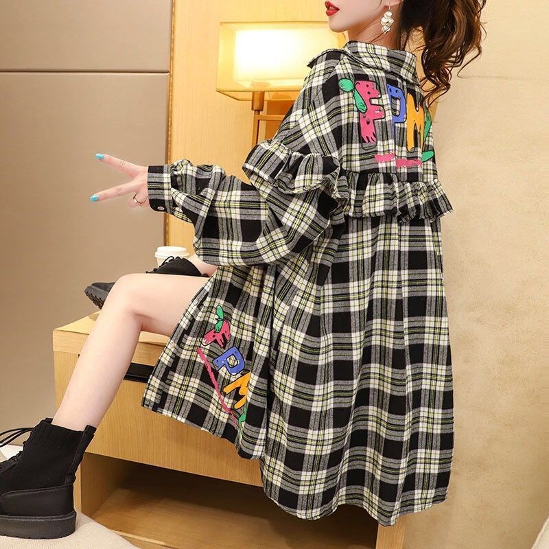 格子衬衫女长袖宽松设计感上衣春秋装2020新款休闲百搭洋气衬衣潮热门设计联盟服务商
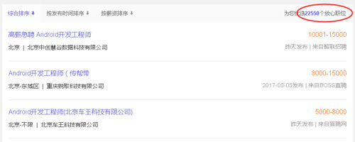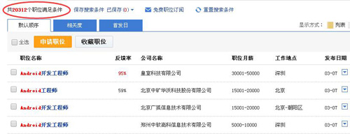 各大招聘網站每天有2萬多個Android相關職位,遠超其他技術崗位:
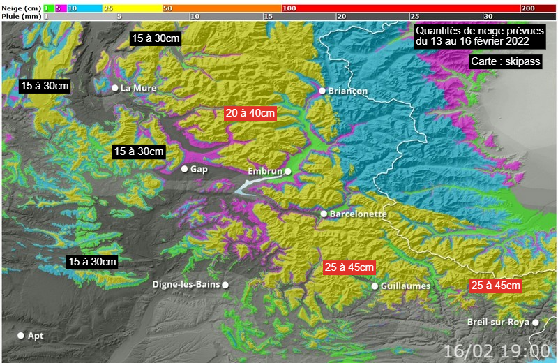 Plus de 30-40cm de #neige sont attendus entre dimanche soir et mardi sur le Sud des#Alpes, un épisode très attendu dans un hiver trop sec. Celui-ci devrait toutefois laisser place à un temps plus#doux et de nouveau#sec par la suite. >> http://bit.ly/3BiUIqH Carte : skipasspic.twitter.com/P5rN55hHN7
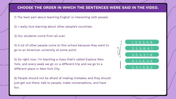 1) The best part about teaching English is interacting with people. 2) I really love learning about other people’s countries. 3) Our students come from all over. 4) A lot of other people come to this school because they want to go to an American university at some point. 5) So right now, I’m teaching a class that’s called Explore New York, and every week we go on a different trip and we go to a different place in New York City. 6) People should not be afraid of making mistakes and they should just get out there, talk to people, make conversations, and have fun.

# PROBLEM STATEMENT:
Reproduce the material word for word. Any pictures should be left out of the copy.

# RESULT OF THE EXERCISE:
 格子衬衫女长袖宽松设计感上衣春秋装2020新款休闲百搭洋气衬衣潮热门设计联盟服务商
 各大招聘網站每天有2萬多個Android相關職位,遠超其他技術崗位:
 Plus de 30-40cm de #neige sont attendus entre dimanche soir et mardi sur le Sud des#Alpes, un épisode très attendu dans un hiver trop sec. Celui-ci devrait toutefois laisser place à un temps plus#doux et de nouveau#sec par la suite. >> http://bit.ly/3BiUIqH Carte : skipasspic.twitter.com/P5rN55hHN7
 1) The best part about teaching English is interacting with people. 2) I really love learning about other people’s countries. 3) Our students come from all over. 4) A lot of other people come to this school because they want to go to an American university at some point. 5) So right now, I’m teaching a class that’s called Explore New York, and every week we go on a different trip and we go to a different place in New York City. 6) People should not be afraid of making mistakes and they should just get out there, talk to people, make conversations, and have fun.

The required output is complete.